** Data segment **
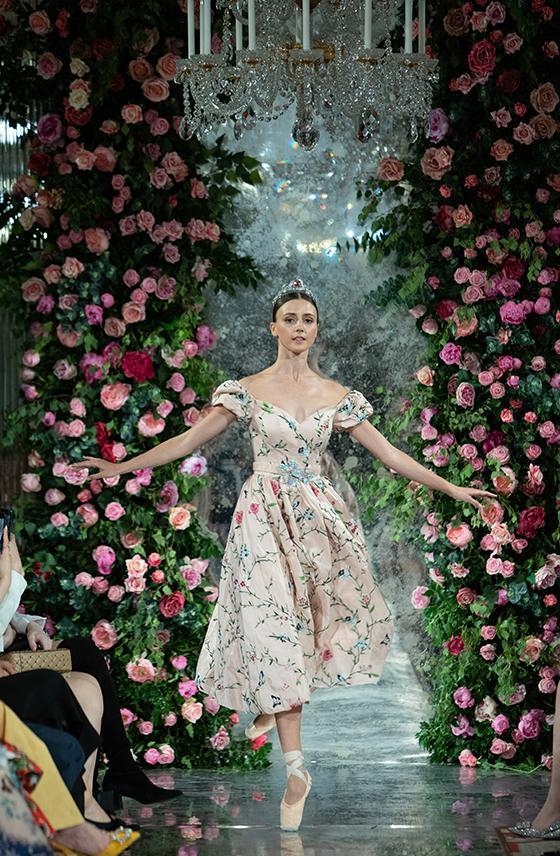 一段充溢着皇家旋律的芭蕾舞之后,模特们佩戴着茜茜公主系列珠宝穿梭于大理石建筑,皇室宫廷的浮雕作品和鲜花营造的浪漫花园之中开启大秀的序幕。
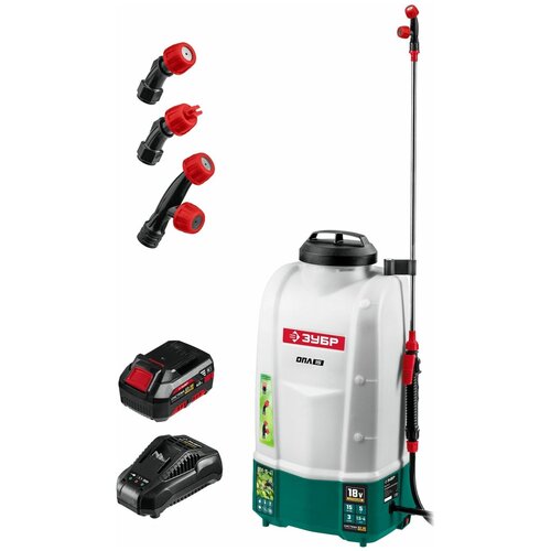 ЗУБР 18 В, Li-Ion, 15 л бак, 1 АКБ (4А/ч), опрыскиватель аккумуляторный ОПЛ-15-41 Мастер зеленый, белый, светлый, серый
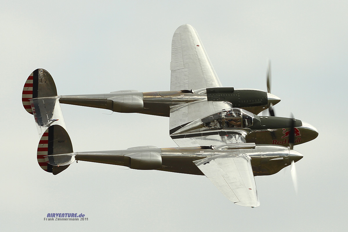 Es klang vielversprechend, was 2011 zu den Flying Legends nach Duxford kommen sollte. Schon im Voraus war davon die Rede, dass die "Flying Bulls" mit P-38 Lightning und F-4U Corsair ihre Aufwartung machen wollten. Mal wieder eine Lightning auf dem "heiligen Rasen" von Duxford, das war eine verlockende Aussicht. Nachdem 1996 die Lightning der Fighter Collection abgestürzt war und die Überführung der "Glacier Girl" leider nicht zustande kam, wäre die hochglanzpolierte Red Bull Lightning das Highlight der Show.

** Problem to solve **
Write all the lines above out again exactly, minus the images.

** Output of the task **
 一段充溢着皇家旋律的芭蕾舞之后,模特们佩戴着茜茜公主系列珠宝穿梭于大理石建筑,皇室宫廷的浮雕作品和鲜花营造的浪漫花园之中开启大秀的序幕。
 ЗУБР 18 В, Li-Ion, 15 л бак, 1 АКБ (4А/ч), опрыскиватель аккумуляторный ОПЛ-15-41 Мастер зеленый, белый, светлый, серый
 Es klang vielversprechend, was 2011 zu den Flying Legends nach Duxford kommen sollte. Schon im Voraus war davon die Rede, dass die "Flying Bulls" mit P-38 Lightning und F-4U Corsair ihre Aufwartung machen wollten. Mal wieder eine Lightning auf dem "heiligen Rasen" von Duxford, das war eine verlockende Aussicht. Nachdem 1996 die Lightning der Fighter Collection abgestürzt war und die Überführung der "Glacier Girl" leider nicht zustande kam, wäre die hochglanzpolierte Red Bull Lightning das Highlight der Show.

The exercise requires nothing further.